When copying the records below, omit any image and print everything else exactly.
□ □ □ □ □
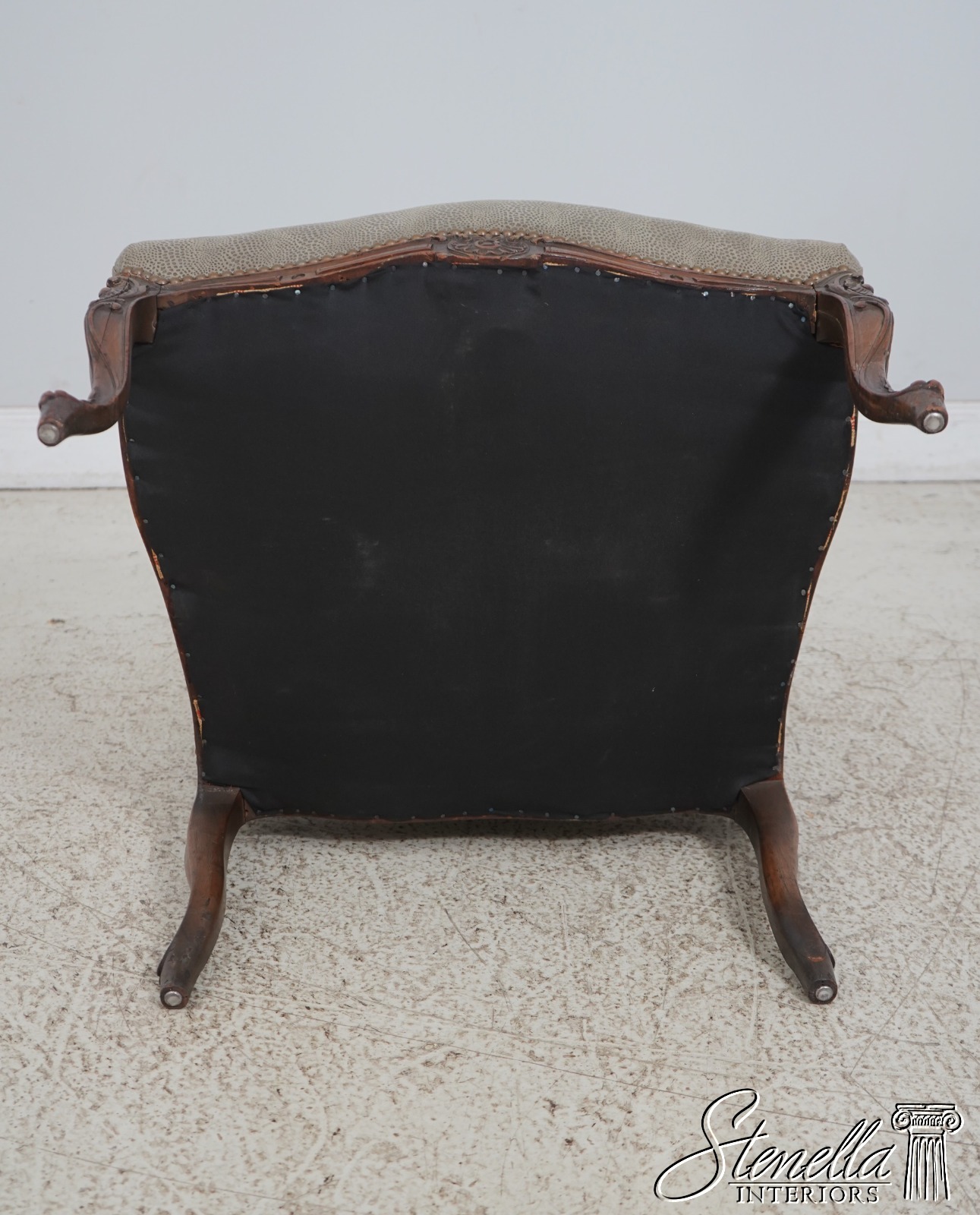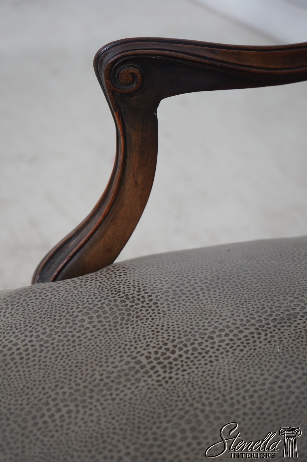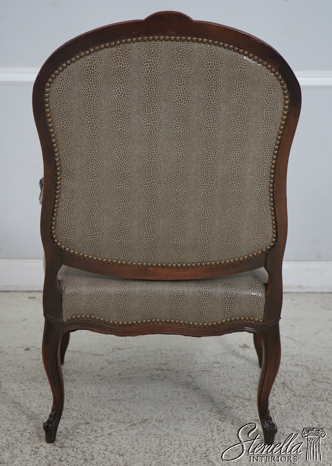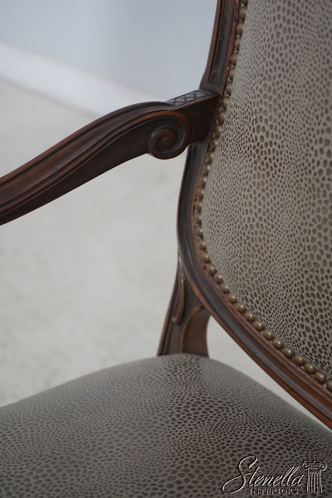 Details: Fine Carved Details High Quality Construction French Style Textured Snake Skin Print Leather Professionally Reupholstered Approx. 10 Years Ago Tack Head Trim Vintage French Style Chair
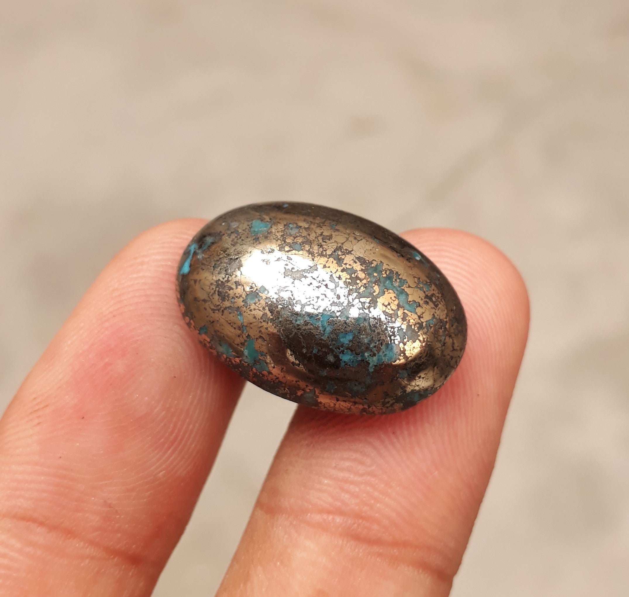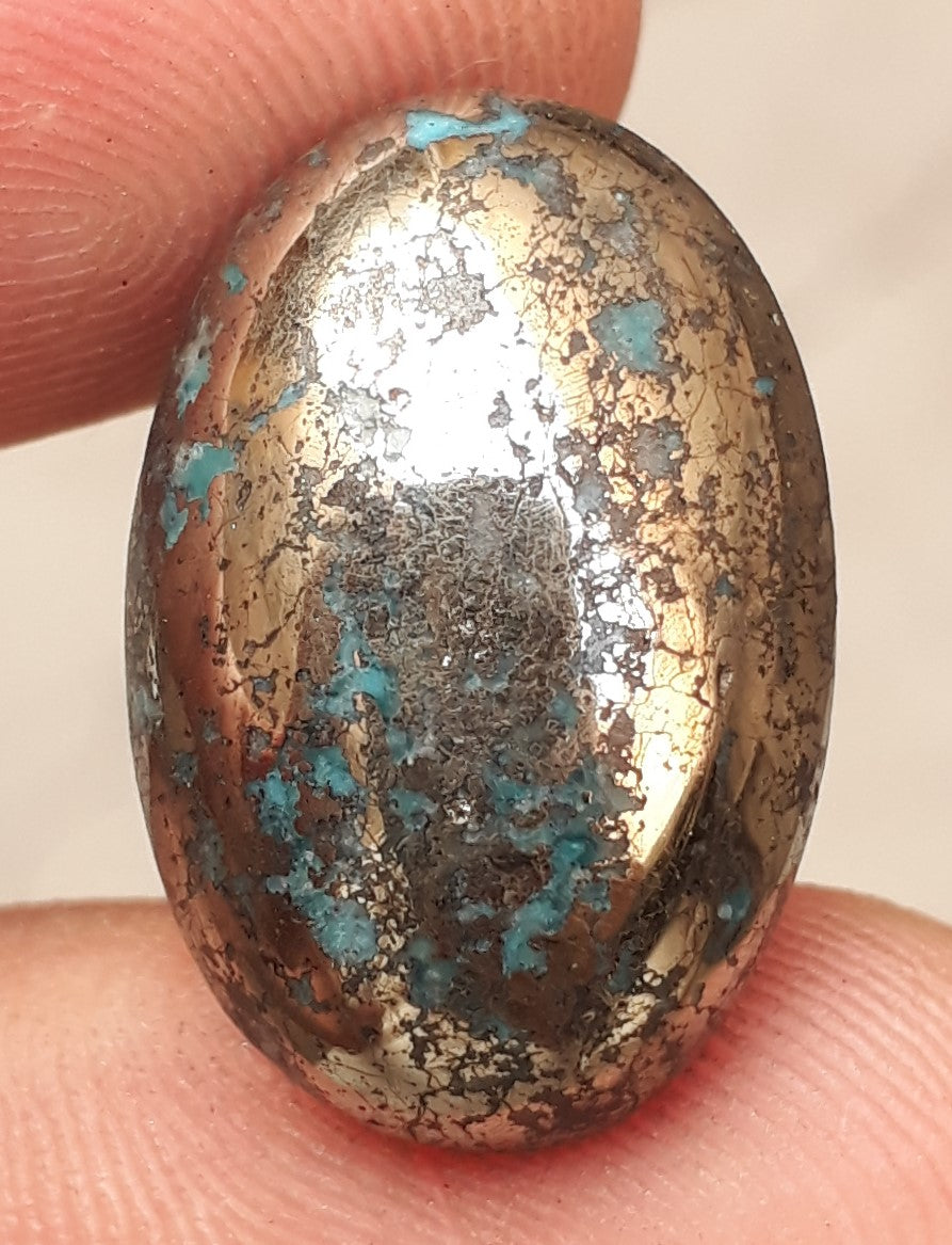This classic Persian Turquoise cabochon features a stunning deep blue color and intricate Pyrite matrix. Professionally-cut to shape, this 32-carat stone is a perfect choice for creating beautiful jewelry or using as a collectible. With its eye-catching design, it is sure to add beauty to any piece..
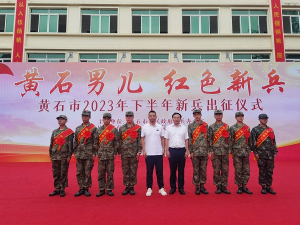 本网讯 9月14日上午,黄石市军事训练基地举行“黄石男儿 红色新兵”2023年下半年新兵出征仪式。milan米兰官网_米兰(中国)8名学子响应号召参军入伍。学校党委书记杨邓红代表学校为战士送行。
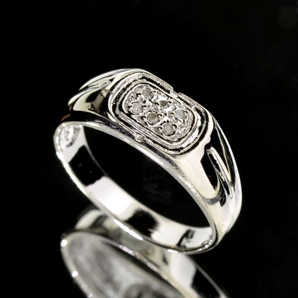 0.04CT Round Cut Diamond and Platinum Over Sterling Silver Rolex Style Ring
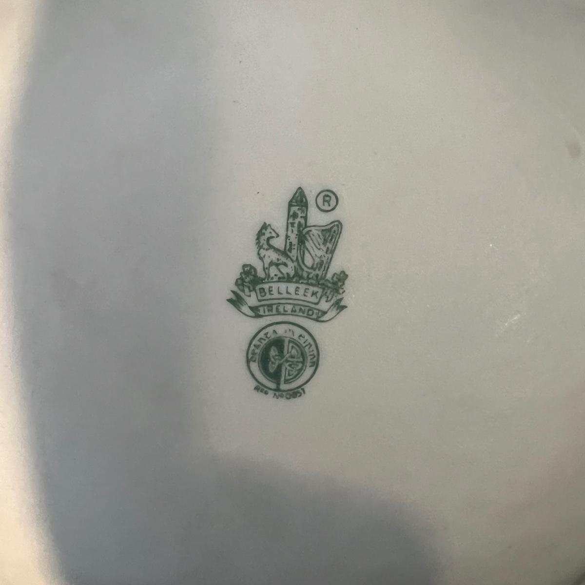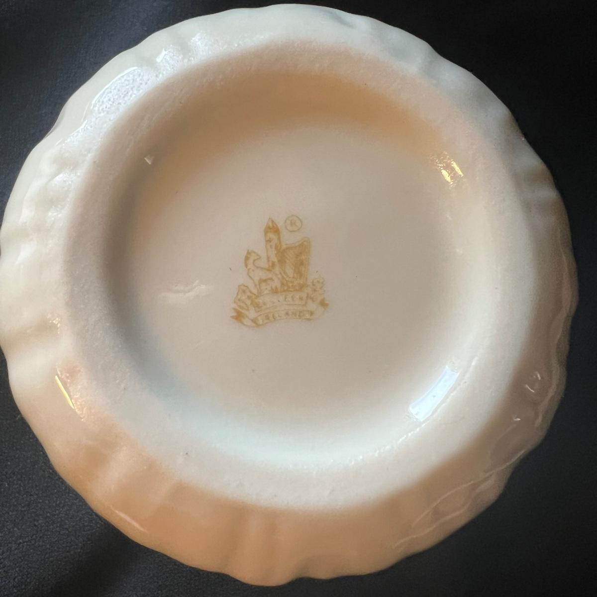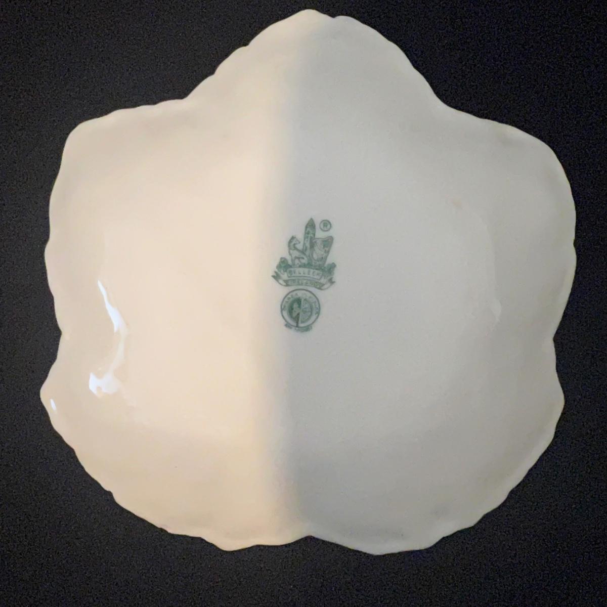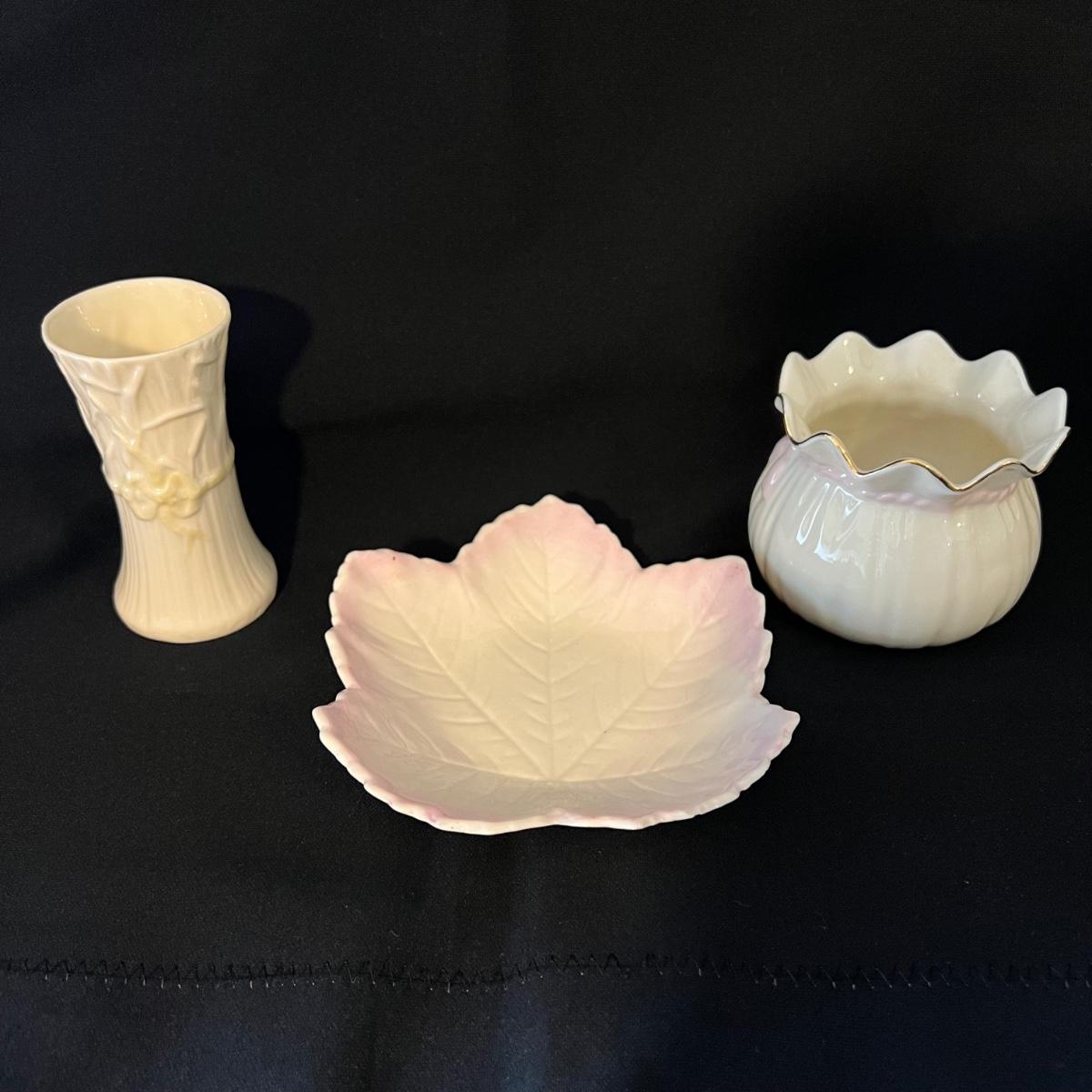 A collection of small Belleek Ireland porcelain. A small bud vase measures 2”D x 4”H. The leaf dish measures approximately 5”D and the small vase measures 3.25”S x 2.5”H.
□ □ □ □ □
◆ ANSWER SECTION
 Details: Fine Carved Details High Quality Construction French Style Textured Snake Skin Print Leather Professionally Reupholstered Approx. 10 Years Ago Tack Head Trim Vintage French Style Chair
This classic Persian Turquoise cabochon features a stunning deep blue color and intricate Pyrite matrix. Professionally-cut to shape, this 32-carat stone is a perfect choice for creating beautiful jewelry or using as a collectible. With its eye-catching design, it is sure to add beauty to any piece..
 本网讯 9月14日上午,黄石市军事训练基地举行“黄石男儿 红色新兵”2023年下半年新兵出征仪式。milan米兰官网_米兰(中国)8名学子响应号召参军入伍。学校党委书记杨邓红代表学校为战士送行。
 0.04CT Round Cut Diamond and Platinum Over Sterling Silver Rolex Style Ring
 A collection of small Belleek Ireland porcelain. A small bud vase measures 2”D x 4”H. The leaf dish measures approximately 5”D and the small vase measures 3.25”S x 2.5”H.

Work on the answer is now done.